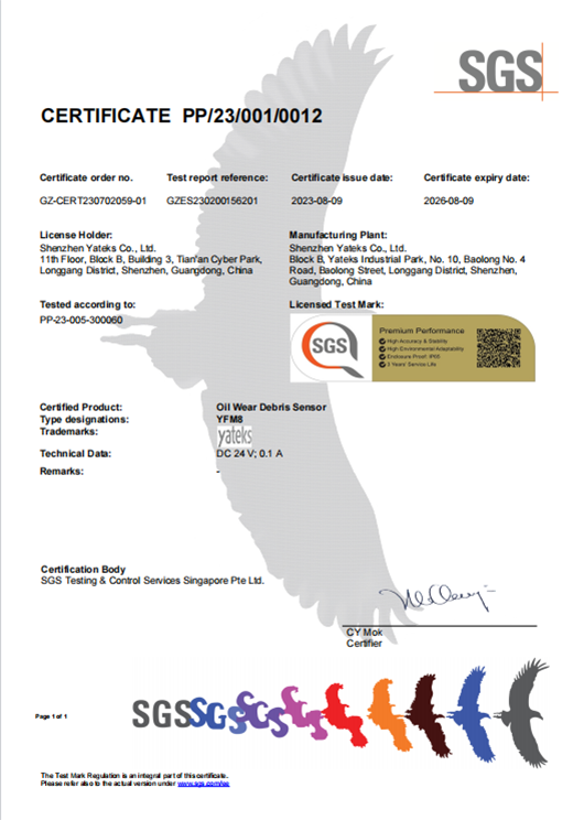 標定和量的索源是油液監測的保證亞泰光電擁有完善標定儀器的油液實驗室,油液傳感器經過獲得標準樣品、設置標準樣品、測量標準樣品、校準傳感器、驗證標定結果、記錄標定等步驟,最終獲得高準確度的油液傳感器。亞泰光電和SGS達成了深度戰略合作,金屬磨粒檢出率可達95%以上,獲得了SGS頒發的全球首張傳感器性能金標認證(Sensor Trust)。
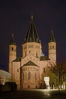 De kathedraal St. Martin in Mainz uit het oosten bij nacht in kunstlicht
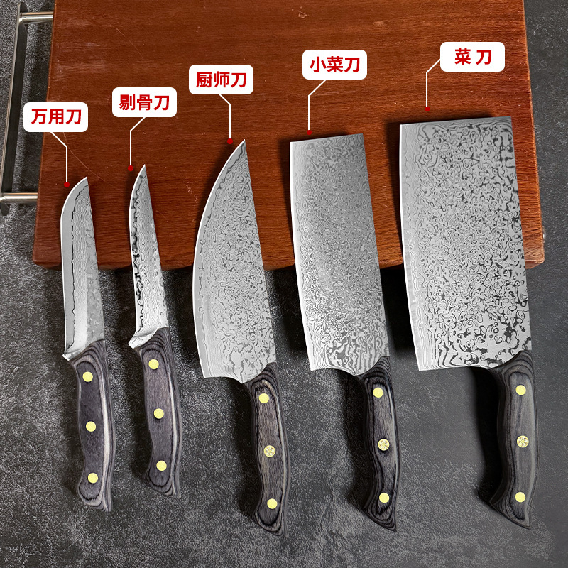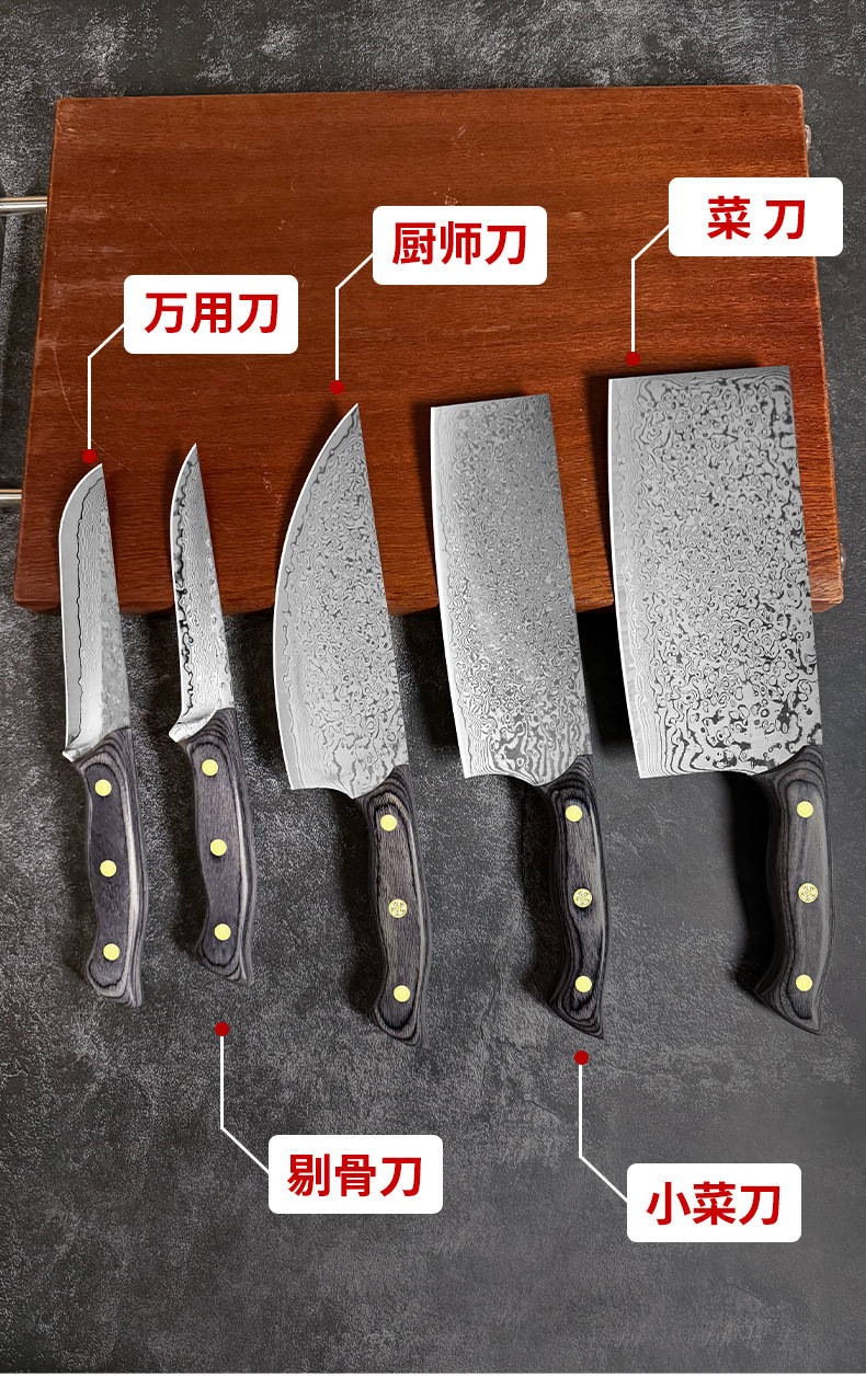 9CR18大马士革菜刀切片刀厨师刀小菜刀剔骨刀万用刀杀鱼刀

——————————

### Exercise
Could you write out the whole listing exactly, skipping every picture?

### Solved problem
 標定和量的索源是油液監測的保證亞泰光電擁有完善標定儀器的油液實驗室,油液傳感器經過獲得標準樣品、設置標準樣品、測量標準樣品、校準傳感器、驗證標定結果、記錄標定等步驟,最終獲得高準確度的油液傳感器。亞泰光電和SGS達成了深度戰略合作,金屬磨粒檢出率可達95%以上,獲得了SGS頒發的全球首張傳感器性能金標認證(Sensor Trust)。
 De kathedraal St. Martin in Mainz uit het oosten bij nacht in kunstlicht
 9CR18大马士革菜刀切片刀厨师刀小菜刀剔骨刀万用刀杀鱼刀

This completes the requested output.